The quote introduces David Cohen and his role as the founder and managing partner at Techstars, setting the stage for his insights on venture capital and entrepreneurship.

Techstars' Success

  • Techstars' accelerator programs began in 2007.
  • Early success indicated by three acquisitions within a year of the first program.
  • The success of the program was measured by the ecosystem impact, angel investing activity, and professionalization of angel investing.

"Well, within a year of the first program in 2007, there were three acquisitions, and they were all relatively small."

The quote highlights the early indicators of Techstars' success, with several acquisitions of companies from the first accelerator program, demonstrating the effectiveness of their model.

Creation of Bullet Time Ventures

  • Bullet Time Ventures was created as a small fund to follow on investments in companies from Techstars' programs.
  • The fund was a response to the opportunities presented by successful accelerator programs.
  • David Cohen and Brad Feld discussed the idea of creating a fund to capitalize on these opportunities.

"So bullet time is really just the Techstars fund."

This quote explains that Bullet Time Ventures was essentially the initial investment fund associated with Techstars, aimed at providing follow-on funding for promising startups emerging from their accelerator.

Fundraising for Bullet Time Ventures

  • David Cohen invested his own money and raised funds from friends and mentors.
  • The initial fundraising target was self-imposed at $5 million to limit risk.
  • Raised $2.5 million quickly, with the first investments in notable companies like Twilio and Uber.
  • The fund size eventually reached the $5 million cap as market conditions improved.

"I raised two and a half million almost instantaneously.
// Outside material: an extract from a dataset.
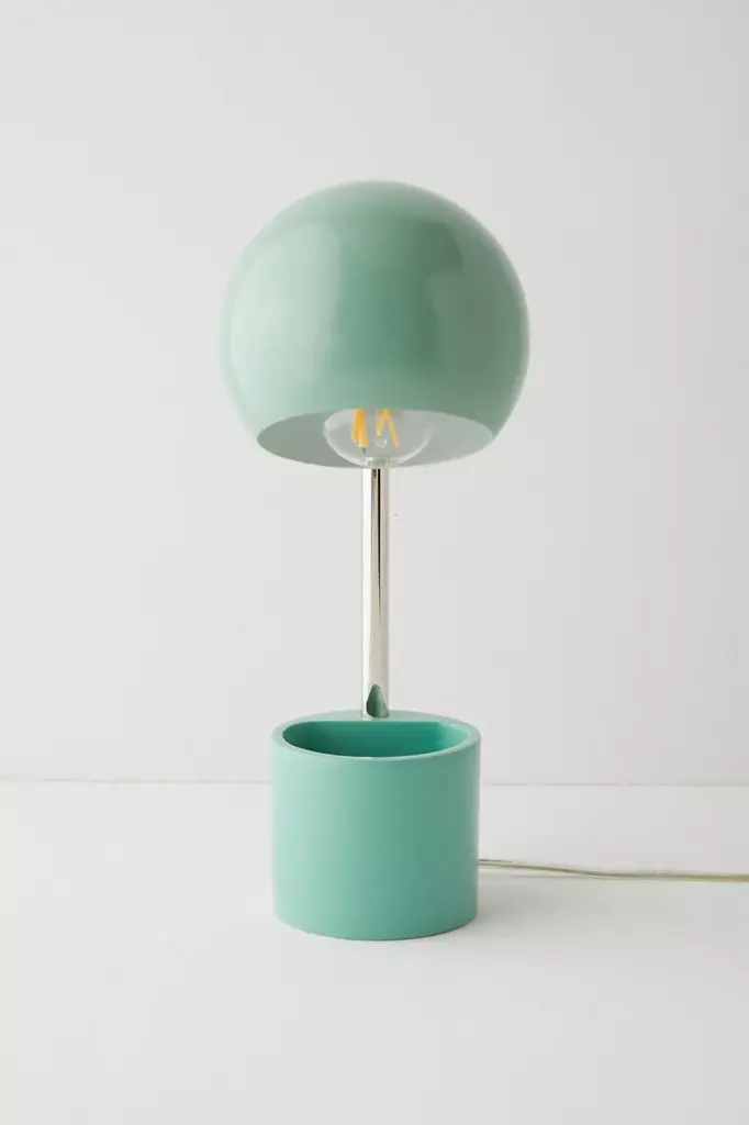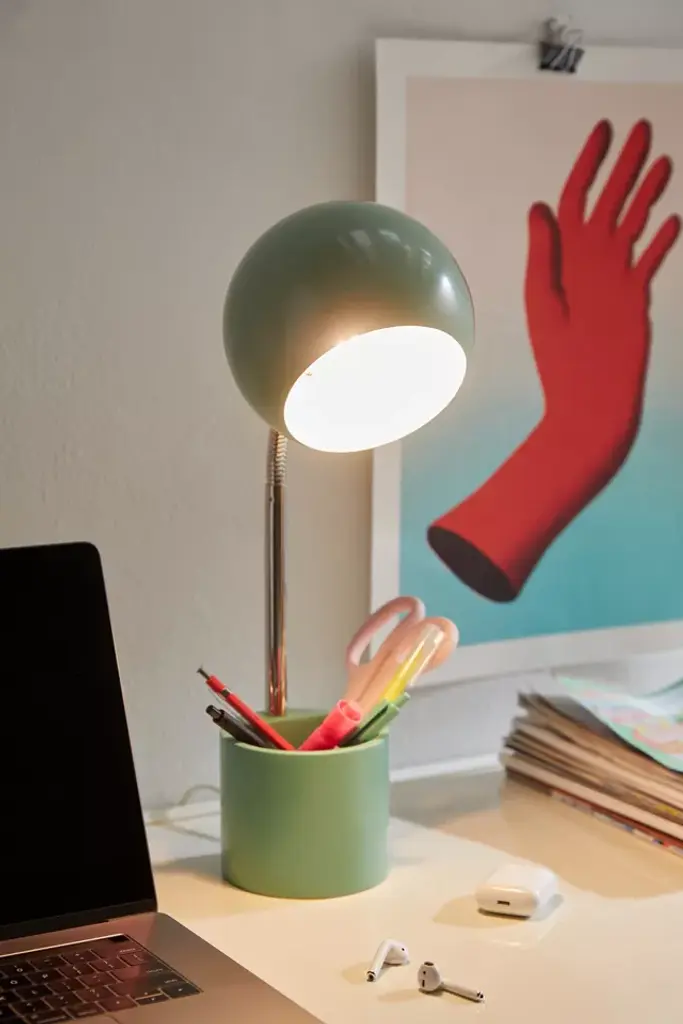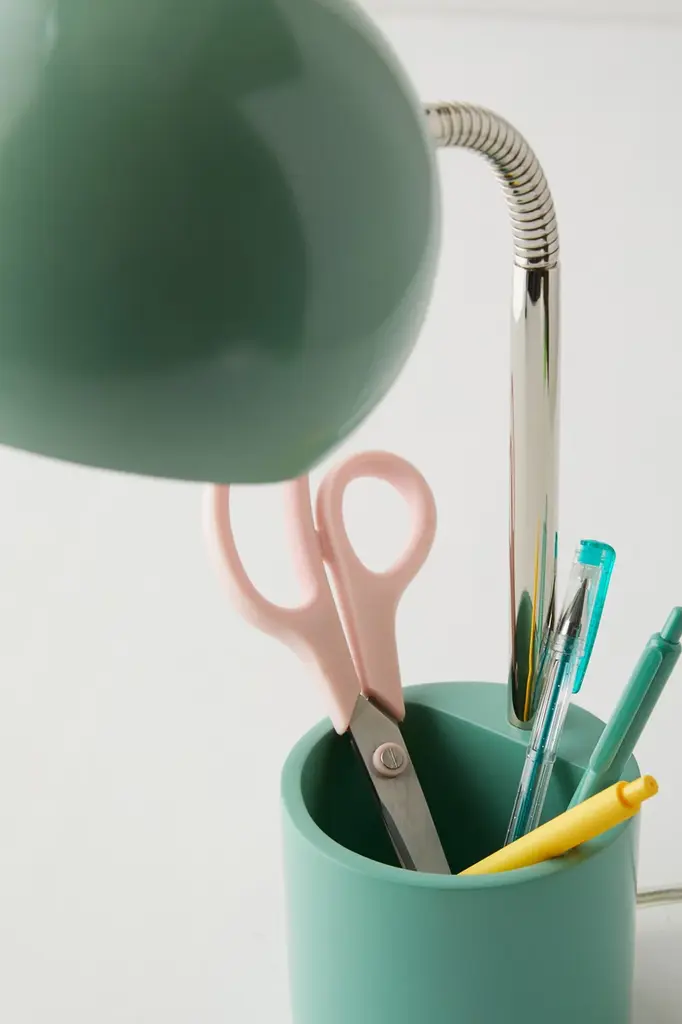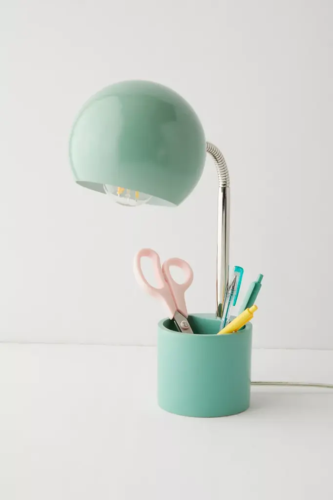 Get it done with this gumball shade desk lamp, featuring a built-in storage cup base and flexible neck for adjustable light direction. Perfect for storing pens and desk supplies so you have every essential on hand when the creative spark hits. Plugs in to power on; compact fluorescent compatible. Available exclusively at Urban Outfitters.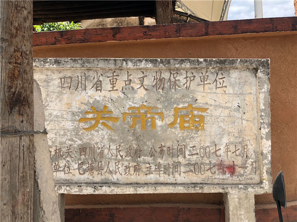 “2017年,巴塘下了一场大暴雨,关帝庙的大殿坍塌。”在这之前,经历各种自然灾害和人为因素的破坏后,关帝庙已经多次被损,年久失修的关帝庙只剩遗迹。2017年的大雨后,巴塘县在遗迹之上搭建钢棚,以防止残破庙宇再受损毁,等待进一步修复。

A couple of weeks intros from Brad."

This quote reflects the swift success in the initial fundraising efforts for Bullet Time Ventures, emphasizing the trust and interest from investors familiar with Techstars and the broader VC ecosystem.

Investment Strategy

  • The investment strategy was influenced by mentorship from experienced investors like Brad Feld and Jason Mendelssohn.
  • Techstars had an "insight advantage" due to their deep understanding of companies in their ecosystem.
  • Early investments included companies like SendGrid and Sphero, which were part of the Techstars network.
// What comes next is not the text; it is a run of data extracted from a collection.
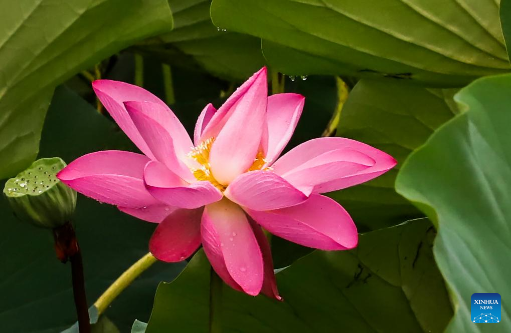 This photo shows a lotus in a pond in Dongnan Village in Yinan County, east China's Shandong Province, Aug. 5, 2024. (Photo by Wang Yanbing/Xinhua)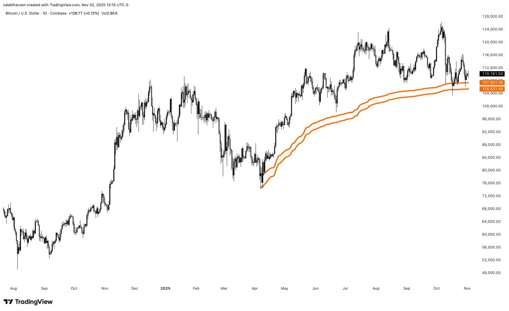 In de grafiek hieronder zien we hoe bitcoin steun krijgt van de gemiddelde, op handelsvolume gewogen koers (AVWAP) sinds april 2025.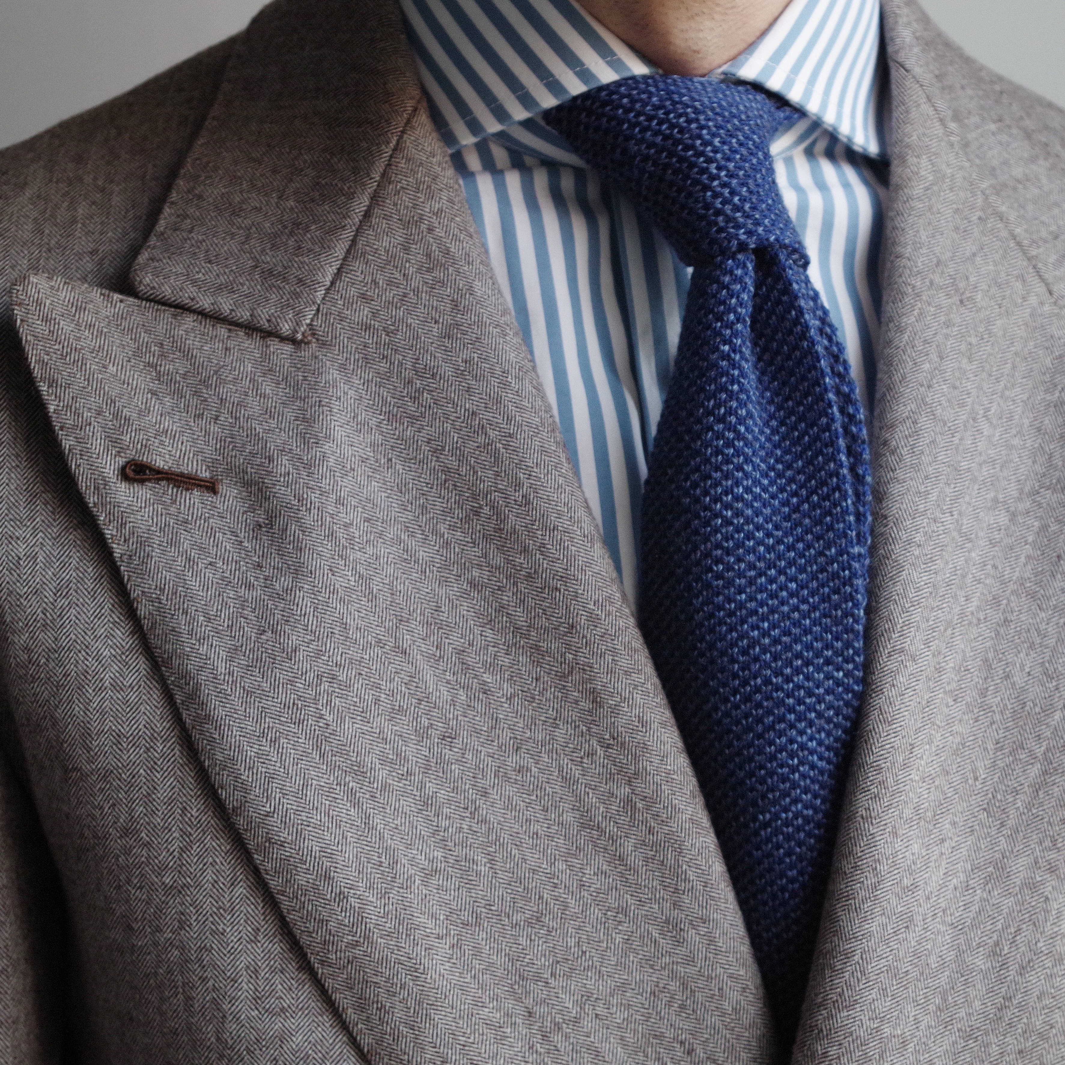 A wonderful, essential piece. If you're looking for something a little different, we suggest that you choose this knitted design with its different shades of blue. The wool gives it a warm style that you can wear anywhere. The blue colour also works very well with a suit or a cream or brown jacket, a white or striped shirt, and a handkerchief that recalls the shades of your jacket and tie.

"Under the mentorship of amazing people like Brad that you mentioned, his partner, Jason Mendelssohn, and others that I had learned from."

The quote highlights the role of mentorship in shaping David Cohen's investment strategy and the value of the insights gained from being closely involved with the companies in the Techstars ecosystem.## Consistent Investment Strategy

  • Importance of having a consistent investment strategy for angel investors and scaled angel funds.
  • Consistency and sticking to the strategy are emphasized over the specifics of the strategy itself.
  • The strategy employed was to invest early at low prices with a maximum of one follow-on investment of the same size.
  • This approach was modeled after successful angel investors and mentors.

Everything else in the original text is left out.